» Recorded data

+ + + +

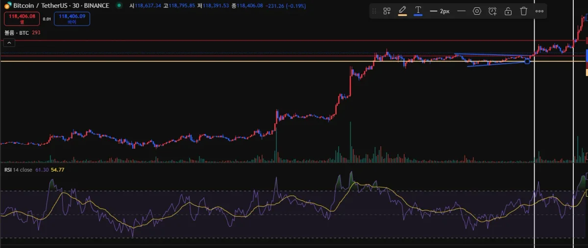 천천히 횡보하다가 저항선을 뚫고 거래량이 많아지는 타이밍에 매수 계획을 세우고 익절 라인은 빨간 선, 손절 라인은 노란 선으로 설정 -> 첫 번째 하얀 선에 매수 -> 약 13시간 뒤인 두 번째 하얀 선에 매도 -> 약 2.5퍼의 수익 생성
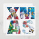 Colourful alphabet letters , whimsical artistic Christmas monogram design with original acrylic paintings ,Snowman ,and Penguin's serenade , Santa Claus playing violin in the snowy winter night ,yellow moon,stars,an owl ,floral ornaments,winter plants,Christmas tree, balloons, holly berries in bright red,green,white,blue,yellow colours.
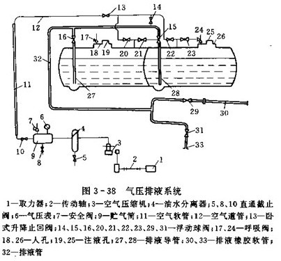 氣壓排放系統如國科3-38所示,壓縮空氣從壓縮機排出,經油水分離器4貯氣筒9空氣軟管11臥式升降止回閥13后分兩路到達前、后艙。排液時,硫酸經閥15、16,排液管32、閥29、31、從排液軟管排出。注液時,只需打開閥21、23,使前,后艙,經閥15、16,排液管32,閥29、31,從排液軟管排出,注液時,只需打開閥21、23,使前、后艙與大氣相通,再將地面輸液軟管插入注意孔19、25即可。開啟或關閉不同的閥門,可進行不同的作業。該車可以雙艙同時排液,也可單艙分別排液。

+ + + +

» Aim of the exercise
Copy exactly, and only, the lines from the first line of the material through the line that contains "Colourful alphabet letters", both ends kept; no pictures.

» Response box
 천천히 횡보하다가 저항선을 뚫고 거래량이 많아지는 타이밍에 매수 계획을 세우고 익절 라인은 빨간 선, 손절 라인은 노란 선으로 설정 -> 첫 번째 하얀 선에 매수 -> 약 13시간 뒤인 두 번째 하얀 선에 매도 -> 약 2.5퍼의 수익 생성
 Colourful alphabet letters , whimsical artistic Christmas monogram design with original acrylic paintings ,Snowman ,and Penguin's serenade , Santa Claus playing violin in the snowy winter night ,yellow moon,stars,an owl ,floral ornaments,winter plants,Christmas tree, balloons, holly berries in bright red,green,white,blue,yellow colours.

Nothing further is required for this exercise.